We keep hearing the stories of how immigration realities we confront with our friends in the Skagit Valley are tearing families apart. But today I realized that until you have a personal example, until it somehow affects you, it doesn’t quite hit home.

Today someone from our very faith community came to us after a phone call that he said “destroyed him.” After several days of working in the fields and feeling a sense of restlessness and deep concern, he phoned his wife in Central America begging to know if anything wasn’t right at home. She leveled with him, saying she’s just decided to leave him for someone else. “It has been too difficult,” she said, the same woman who two years ago prayed and agonized with him about the decision to risk his life by crossing the border to come make money for his family and village. In the end, they decided together that he should go.

As we listened to him, to his grief, he wanted us to understand that he doesn’t question God’s goodness in this. He is aware of the struggle against an enemy that is out to rob, kill and destroy any piece of that goodness he can get his hands on. But that doesn’t change the deep sadness he feels—we all feel—at this news, at what it’s like for him to call each of his children far away and explain the situation. It doesn’t change the fact that as we stood in the kitchen and talked tonight, he held my biggest kitchen knife to his heart and said, “I wish I could just cut it out so I wouldn’t have to feel this, but I know I cannot.”

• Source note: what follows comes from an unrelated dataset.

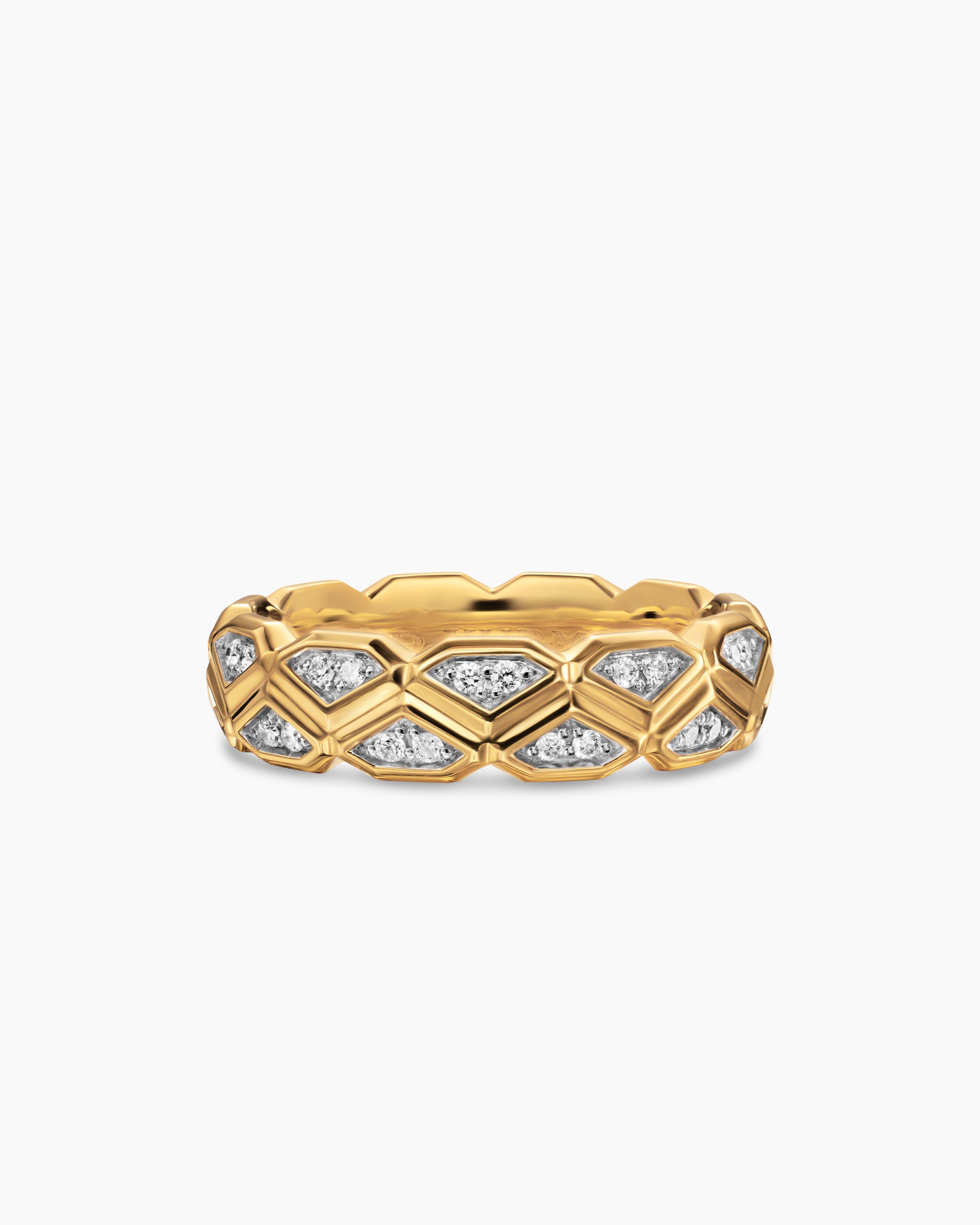 Anneau Hex Or jaune 18 carats avec diamants, 6 mm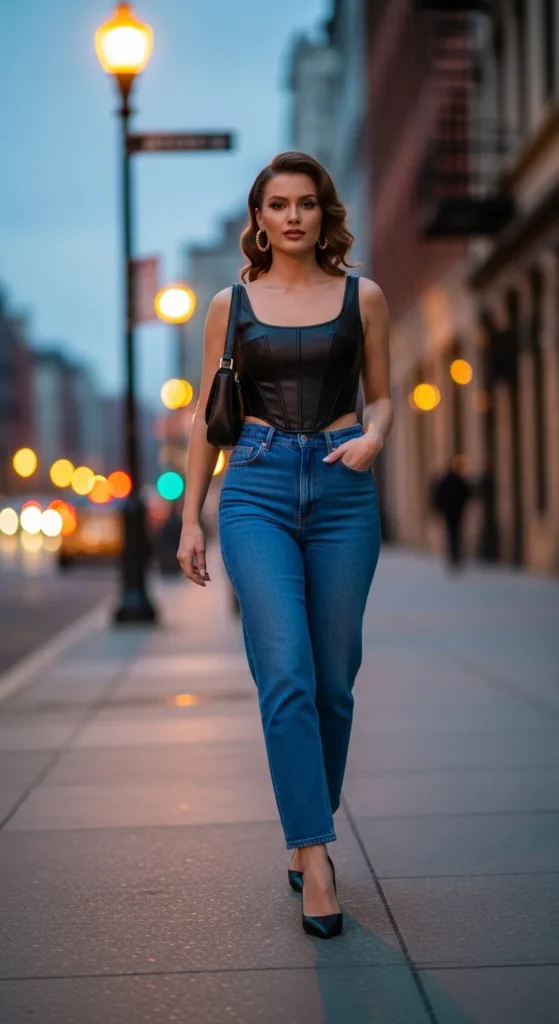Stylist Suggestion: Add pointed-toe heels and a sleek shoulder bag to sharpen the outfit. The clean lines of the corset deserve minimal accessories so the silhouette stays strong and intentional.

This morning as we surrounded him to pray for the Comforter to come near, one of the women in our circle said she had a psalm to read. As the words of Psalm 91 were read in Spanish, rich promises of God’s covering and protective care spilled from the text. Slowly, our friend reached for his wallet, opened it, and took out a worn but neatly folded paper. Interrupting, he said: “Look. This is the same psalm my people sent me away with, to remember God’s care for me as I crossed the desert and the border and came here.” And there it was, each verse of Psalm 91 written down the page.

What a way for God to remind him that it is still true, even now, even when the worst he could have imagined has happened. What a God, who enters into the darkness with us and holds us—holds our friend—there.